**Your instructions**
Repeat, line for line, only the span that opens at the "今天,青岛地铁2号线二期工程" line and closes at the final line below. Skip the pictures.

(Records excerpted from a collection)
····················
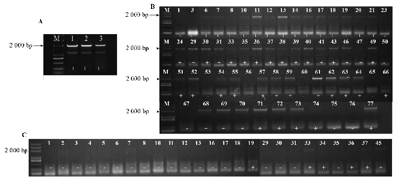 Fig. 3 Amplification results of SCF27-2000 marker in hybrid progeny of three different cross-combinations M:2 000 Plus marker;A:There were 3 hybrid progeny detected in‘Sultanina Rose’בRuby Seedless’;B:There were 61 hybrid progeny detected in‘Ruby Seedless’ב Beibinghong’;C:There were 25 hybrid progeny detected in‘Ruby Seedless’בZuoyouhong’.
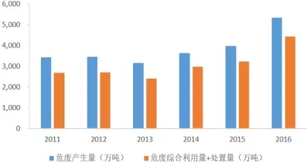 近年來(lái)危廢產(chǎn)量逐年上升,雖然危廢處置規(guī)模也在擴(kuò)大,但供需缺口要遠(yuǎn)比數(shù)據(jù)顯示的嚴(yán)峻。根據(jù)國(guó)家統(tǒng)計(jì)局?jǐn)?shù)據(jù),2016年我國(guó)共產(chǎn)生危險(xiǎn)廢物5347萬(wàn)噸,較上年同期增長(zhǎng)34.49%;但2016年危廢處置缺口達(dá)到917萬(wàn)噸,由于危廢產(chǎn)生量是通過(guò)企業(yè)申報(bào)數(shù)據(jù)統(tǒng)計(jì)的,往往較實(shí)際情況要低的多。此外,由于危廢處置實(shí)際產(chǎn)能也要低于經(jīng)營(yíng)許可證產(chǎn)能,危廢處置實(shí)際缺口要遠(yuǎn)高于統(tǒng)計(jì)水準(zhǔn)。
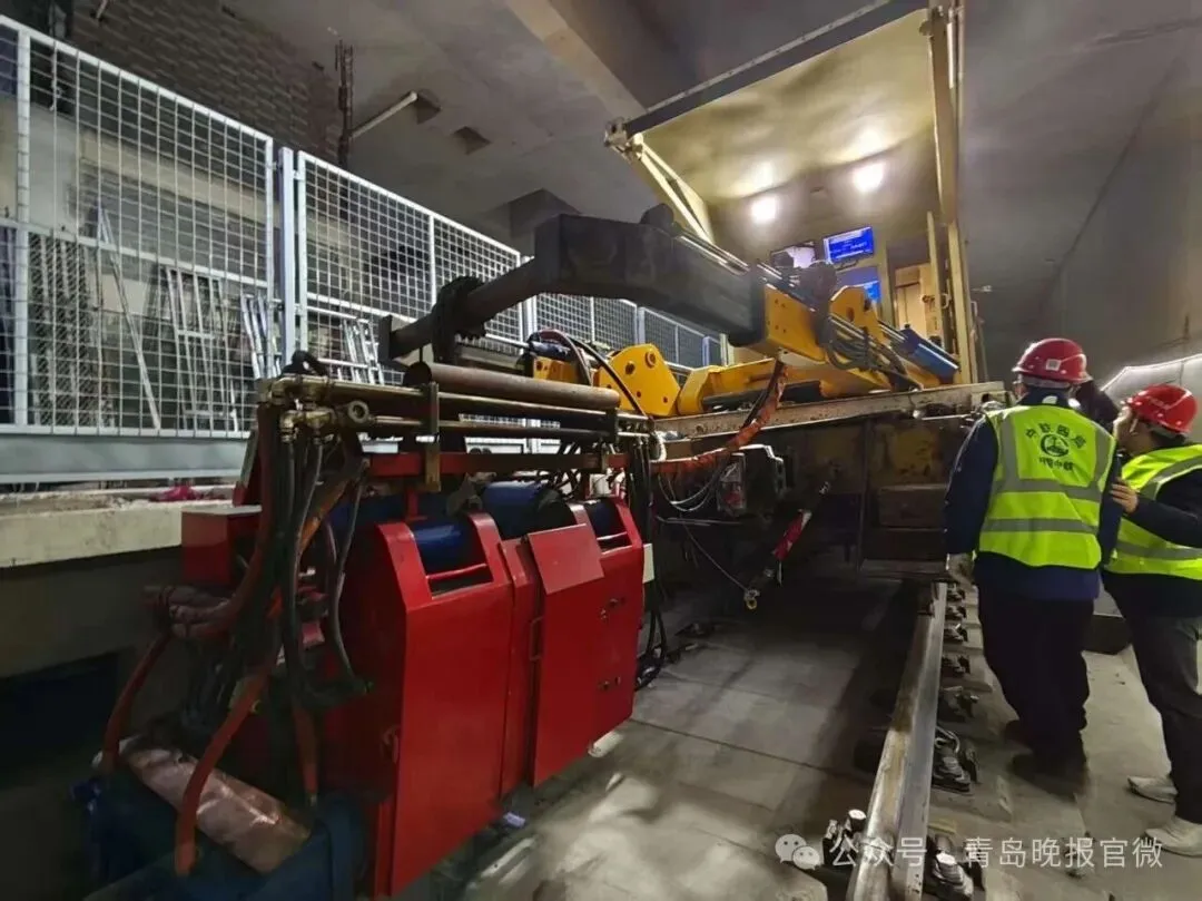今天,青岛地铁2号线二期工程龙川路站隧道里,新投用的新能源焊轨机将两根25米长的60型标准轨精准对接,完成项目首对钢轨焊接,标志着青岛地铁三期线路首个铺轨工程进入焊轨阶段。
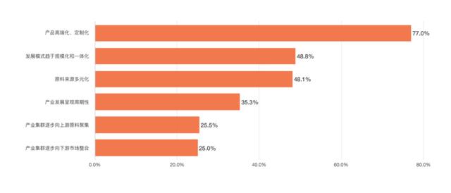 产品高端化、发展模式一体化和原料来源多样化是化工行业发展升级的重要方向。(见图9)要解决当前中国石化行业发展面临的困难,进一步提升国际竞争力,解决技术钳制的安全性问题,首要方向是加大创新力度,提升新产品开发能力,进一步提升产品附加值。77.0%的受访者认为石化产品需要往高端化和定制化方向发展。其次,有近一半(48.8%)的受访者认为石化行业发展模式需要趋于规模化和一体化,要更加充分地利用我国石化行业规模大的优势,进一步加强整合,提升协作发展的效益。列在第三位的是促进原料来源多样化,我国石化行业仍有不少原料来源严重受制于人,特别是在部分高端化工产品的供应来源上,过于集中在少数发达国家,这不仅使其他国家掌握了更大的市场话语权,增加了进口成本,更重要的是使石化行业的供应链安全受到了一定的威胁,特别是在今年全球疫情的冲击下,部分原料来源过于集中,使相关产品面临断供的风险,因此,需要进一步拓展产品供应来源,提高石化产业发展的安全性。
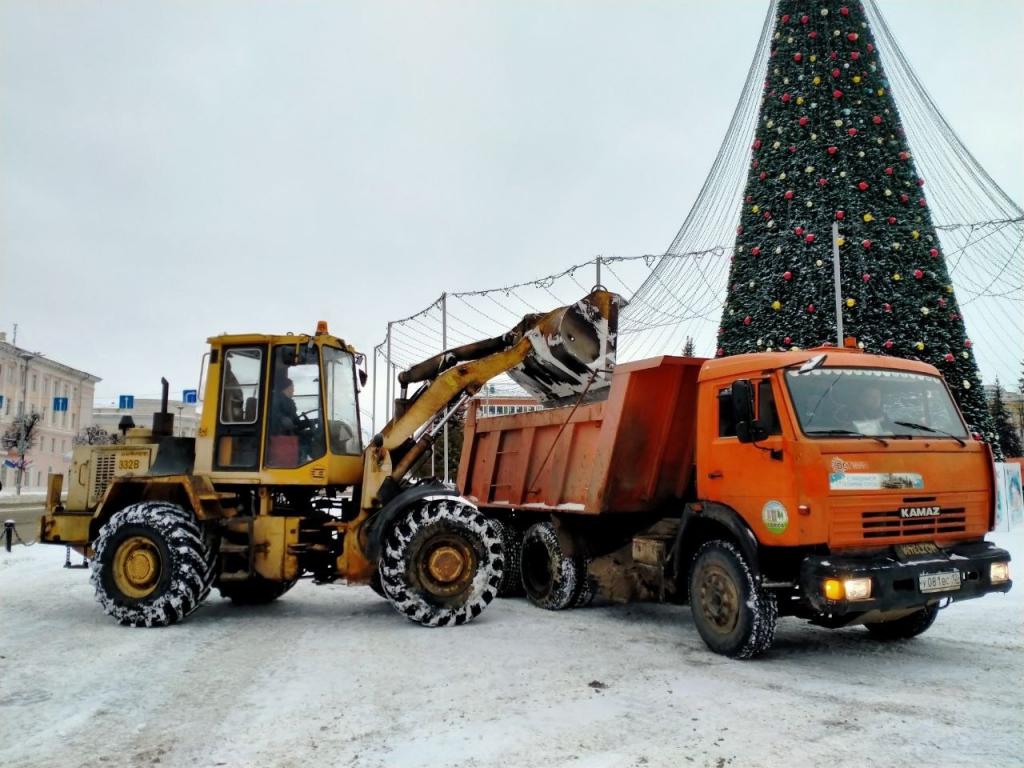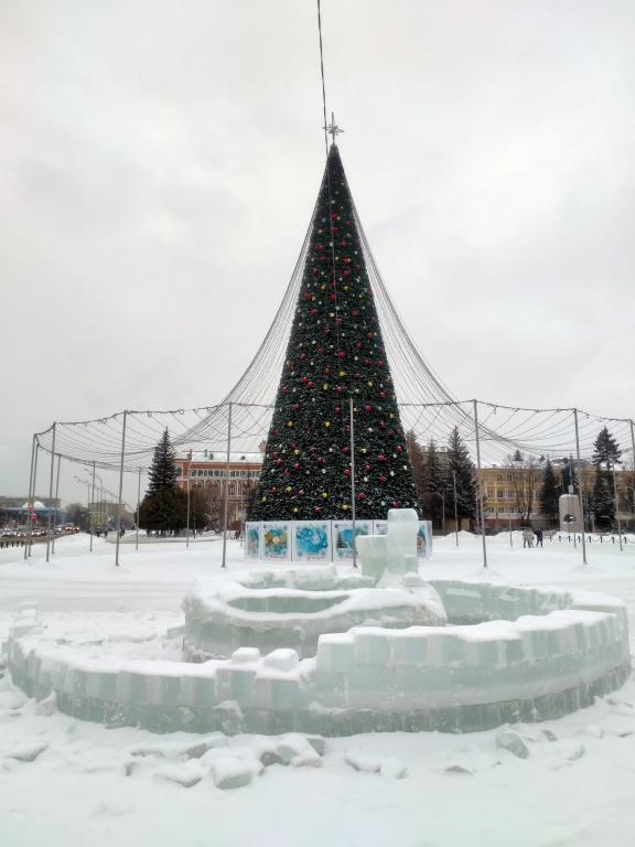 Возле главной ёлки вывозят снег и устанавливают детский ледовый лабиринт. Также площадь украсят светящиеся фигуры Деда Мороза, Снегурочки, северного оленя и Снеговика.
····················
**Problem solution**
今天,青岛地铁2号线二期工程龙川路站隧道里,新投用的新能源焊轨机将两根25米长的60型标准轨精准对接,完成项目首对钢轨焊接,标志着青岛地铁三期线路首个铺轨工程进入焊轨阶段。
 产品高端化、发展模式一体化和原料来源多样化是化工行业发展升级的重要方向。(见图9)要解决当前中国石化行业发展面临的困难,进一步提升国际竞争力,解决技术钳制的安全性问题,首要方向是加大创新力度,提升新产品开发能力,进一步提升产品附加值。77.0%的受访者认为石化产品需要往高端化和定制化方向发展。其次,有近一半(48.8%)的受访者认为石化行业发展模式需要趋于规模化和一体化,要更加充分地利用我国石化行业规模大的优势,进一步加强整合,提升协作发展的效益。列在第三位的是促进原料来源多样化,我国石化行业仍有不少原料来源严重受制于人,特别是在部分高端化工产品的供应来源上,过于集中在少数发达国家,这不仅使其他国家掌握了更大的市场话语权,增加了进口成本,更重要的是使石化行业的供应链安全受到了一定的威胁,特别是在今年全球疫情的冲击下,部分原料来源过于集中,使相关产品面临断供的风险,因此,需要进一步拓展产品供应来源,提高石化产业发展的安全性。
 Возле главной ёлки вывозят снег и устанавливают детский ледовый лабиринт. Также площадь украсят светящиеся фигуры Деда Мороза, Снегурочки, северного оленя и Снеговика.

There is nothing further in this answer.